A free-market approach to climate change

It’s time for government to stop subsidizing dirty fossil fuels

My granddad always drove an Oldsmobile. As a proud American who beat the Japanese and Germans in World War II, and made his living in American manufacturing, Grandpa took it for granted that our nation’s Big Three Automakers of would do the same. 

Then, sometime in the early 2000s, after another aging Olds came up short, he finally made the switch to a better-rated foreign brand. We grandkids were aghast — until we took a spin in his shiny import and had to concede that someone else had built a better ride. 

It is an article of faith among conservatives like my granddad that the best solution to our problems is a free market one. Let market forces determine the price of goods and services — free from government subsidies and undue regulation — and goods will tend to be good and services of service.

We can all think of examples where healthy competition between competing brands brought prices down and quality up for the good of all consumers. What’s more, free-market thinking might just be the answer we’ve been seeking to catastrophic climate change — if one important condition can be met: information. 

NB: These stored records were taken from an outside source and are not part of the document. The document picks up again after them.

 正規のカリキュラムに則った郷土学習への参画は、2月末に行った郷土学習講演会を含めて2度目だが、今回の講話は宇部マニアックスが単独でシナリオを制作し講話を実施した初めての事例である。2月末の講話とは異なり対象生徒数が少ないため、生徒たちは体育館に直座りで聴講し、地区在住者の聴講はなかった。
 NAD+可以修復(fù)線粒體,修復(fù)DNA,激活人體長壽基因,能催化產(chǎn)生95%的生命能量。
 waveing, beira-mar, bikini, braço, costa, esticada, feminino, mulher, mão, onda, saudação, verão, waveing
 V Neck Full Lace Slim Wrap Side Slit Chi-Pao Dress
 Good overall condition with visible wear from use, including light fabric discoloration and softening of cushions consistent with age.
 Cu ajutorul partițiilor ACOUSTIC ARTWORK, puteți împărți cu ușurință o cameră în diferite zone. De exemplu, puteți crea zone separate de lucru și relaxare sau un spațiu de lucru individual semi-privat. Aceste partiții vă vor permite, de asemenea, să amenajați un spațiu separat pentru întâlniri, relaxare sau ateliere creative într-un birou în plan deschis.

For free markets to function effectively, prices have to accurately reflect the true costs and benefits of a given item. Consumers need to know what they’re paying up front as well as any hidden costs down the road. 

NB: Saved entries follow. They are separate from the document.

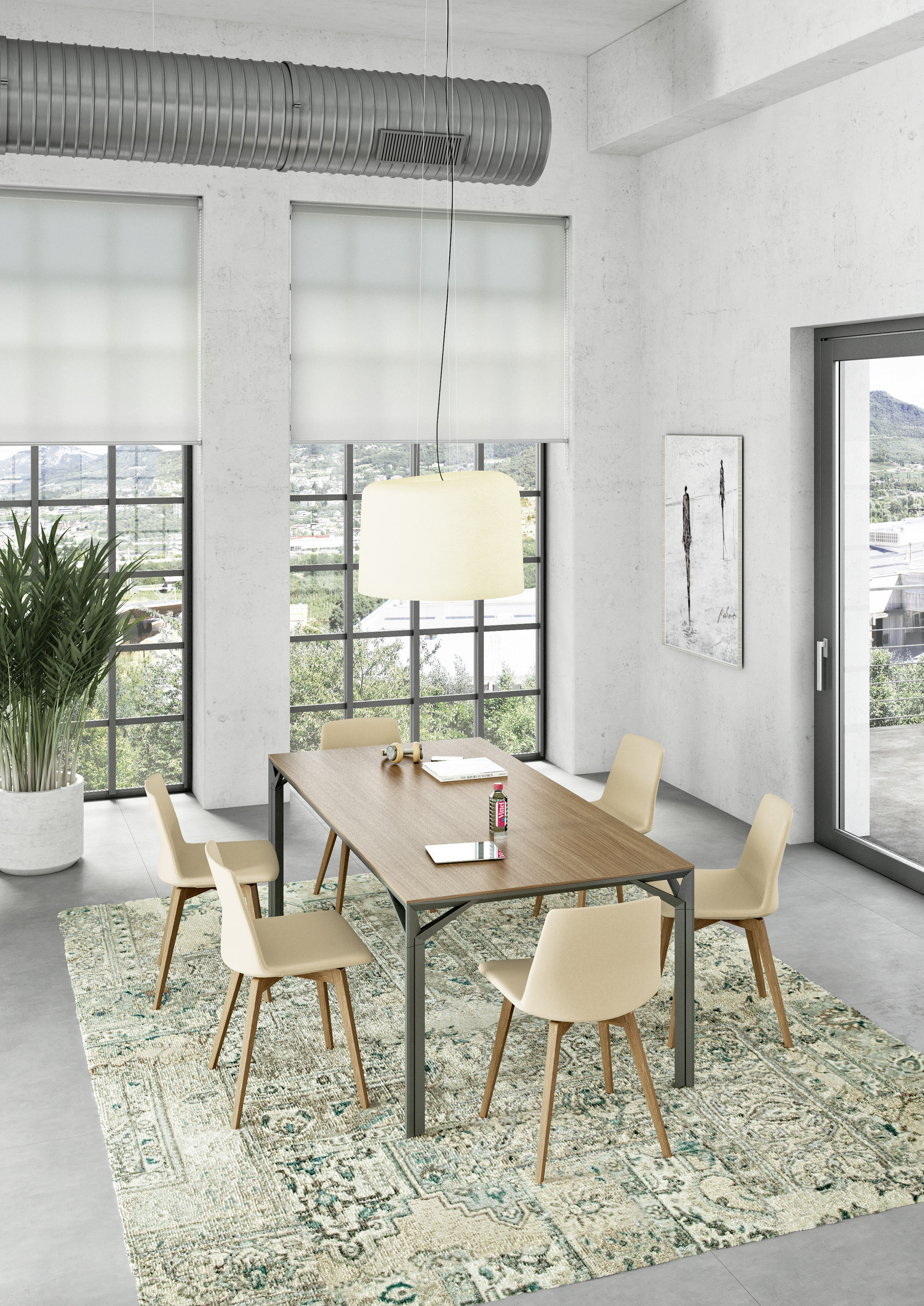 Matière : Coque en polypropylène, épaisseur 8 mm. Tissu 100% polyester non feu M1. Piètement en frêne massif vernis naturel équipé de patins en nylon.
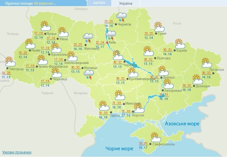 Прогноз погоди в Україні на 18 вересня 2017 року / © Укргідрометцентр
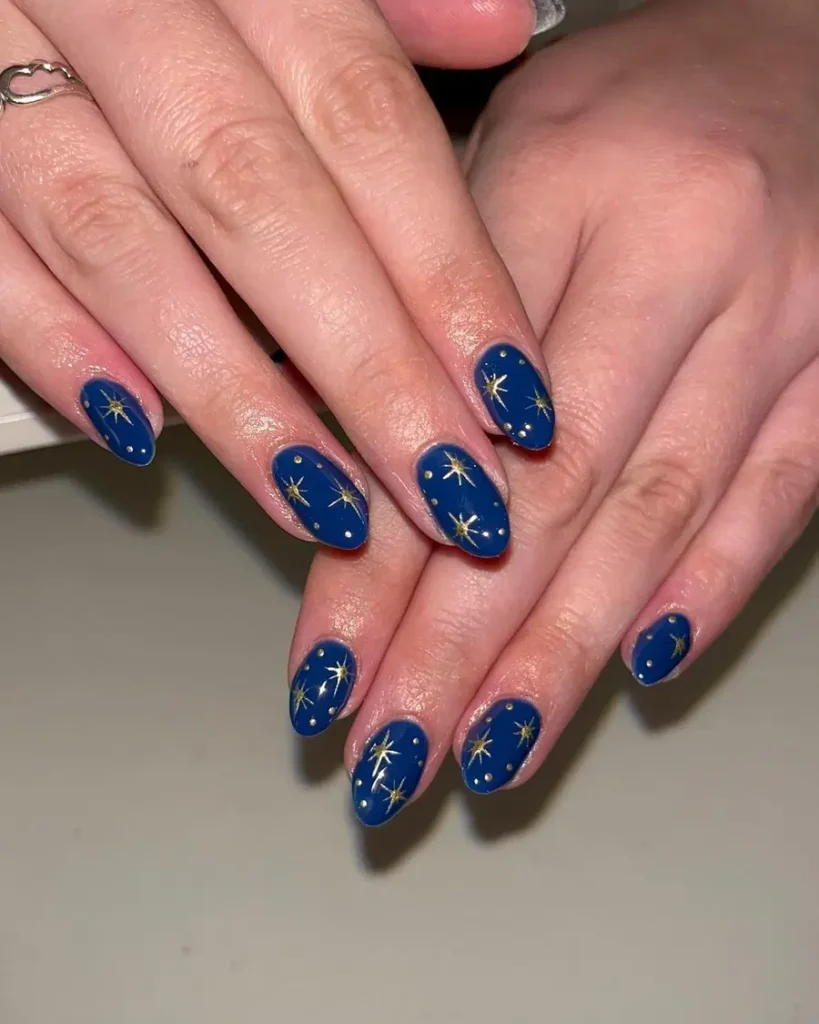 This manicure showcases dark navy blue nails accented with tiny gold star details for a celestial-inspired finish. The clean almond shape and glossy polish keep the look refined, while the star accents add just enough interest to elevate these nails blue into something special.
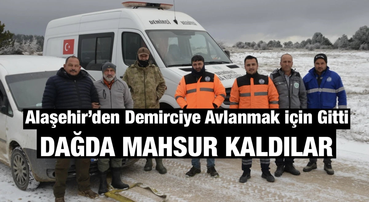 Demirci'de dağlık alanda karlı havada avlanmaya çıkan 3 avcı, araçlarıyla mahsur kaldı. Demirci Belediyesi Arama Kurtarma ekiplerinin yaklaşık 2 saat süren çalışması sonucu avcılar güvenli şekilde kurtarıldı.

Last I checked, a gallon of gasoline sold for around $2.20 in New Hampshire. For many of us, that’s manageable — little reason to worry about buying an SUV or taking that weekend road trip up the coast. Indeed, at $2.20 a gallon, we deem it rational to drive the biggest, sportiest, most comfortable car or truck we can afford. 

But what if the price of gasoline was being artificially deflated by massive government subsidies at taxpayer expense, a perversion of free-market economics? 

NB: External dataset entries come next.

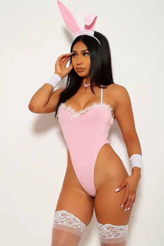 Pink Velvet Sexy Bunny 5 Piece Costume
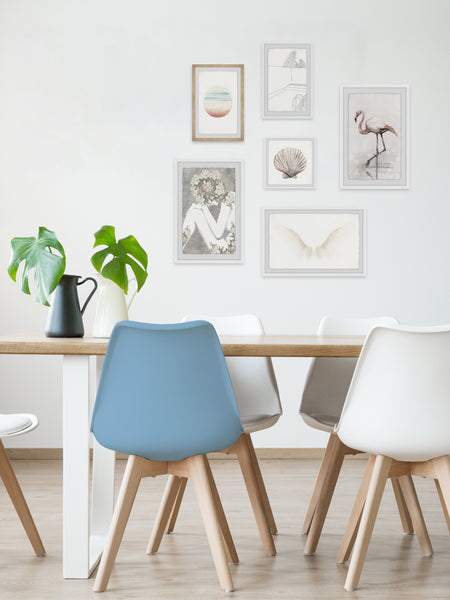 - Set includes (1) 12x12, (2) 12x18, (1) 24x16 and (2) 16x24 framed prints
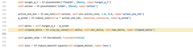 Lets look at one more — the one that actually inspired this post. Yesterday I was browsing for a Deep Q Learning implementation in TensorFlow (to see how others deal with computing the numpy equivalent of **Q\[:, a\]**, where **a** is an integer vector — turns out this trivial operation is not supported in TF). Anyway, I searched *“dqn tensorflow”*, clicked the first link, and found the core code. Here is an excerpt:
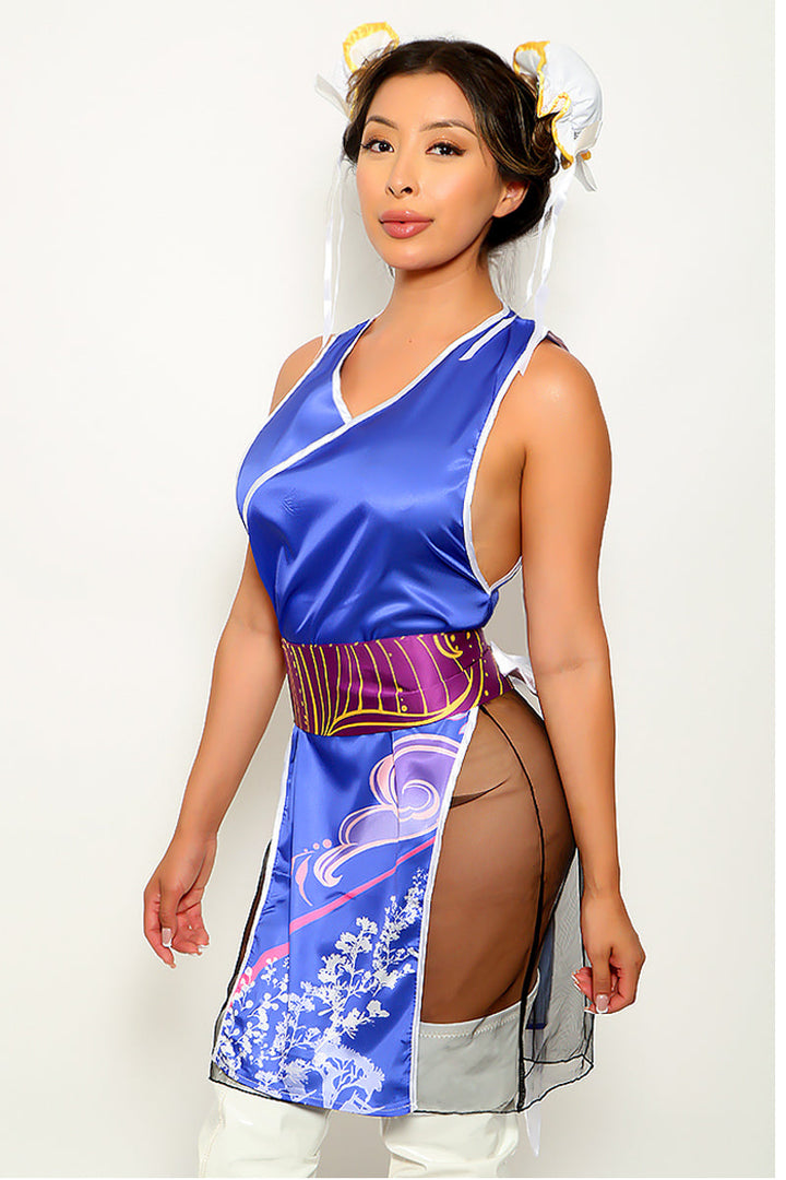 Features: Printed satin dress, black mesh slip, belt. Unleash your inner fighter with this Blue Satin Belt High Slit Sexy Video Game Chunli Costume. Made from luxurious red satin fabric, this costume features a high slit for added sexiness and a matching belt for a cinched waistline. Perfect for cosplay events or a playful night in.

According to the nonpartisan Center for Investigative Reporting, the real price we pay for a gallon of gas is not $2.20 but $15 when you factor in the public supports and negative externalities associated with exploring, mining, refining, transporting, defending and burning our precious petroleum. Would you pay that price at the pump?

In a true free-market economy, where taxpayers were no longer obligated to subsidize the most profitable (and politically connected) corporations on earth, would gas and gas-powered transportation stand a chance against cleaner technologies? The answer — like your answer to $15 gas at the pump — is a resounding no.

The same is true for energy in general. According to a growing body of academic research reported in Scientific American, the real cost of carbon pollution is $220 a ton, six times greater than official government estimates and many times more than the price we pay upfront when we purchase fossil fuels to heat and cool our homes and power our way of life. Those costs are not being paid by the fossil fuel industry — they are borne by us and by our kids.

The good news is that, in spite of market perversions and the failure of American leaders to put an accurate price on carbon, advances in clean technology have already made solar and wind the cheapest forms of energy on earth. 

Although the conversion costs are real and essential storage technologies have yet to fully mature, the economic and social benefits of such a market-based transition are enormous — if only government will stop subsidizing dirty fossil fuels before it is too late. 

Surely that is a cause on which conservatives and progressives can agree. 

Dan Weeks of Nashua is a director at ReVision Energy.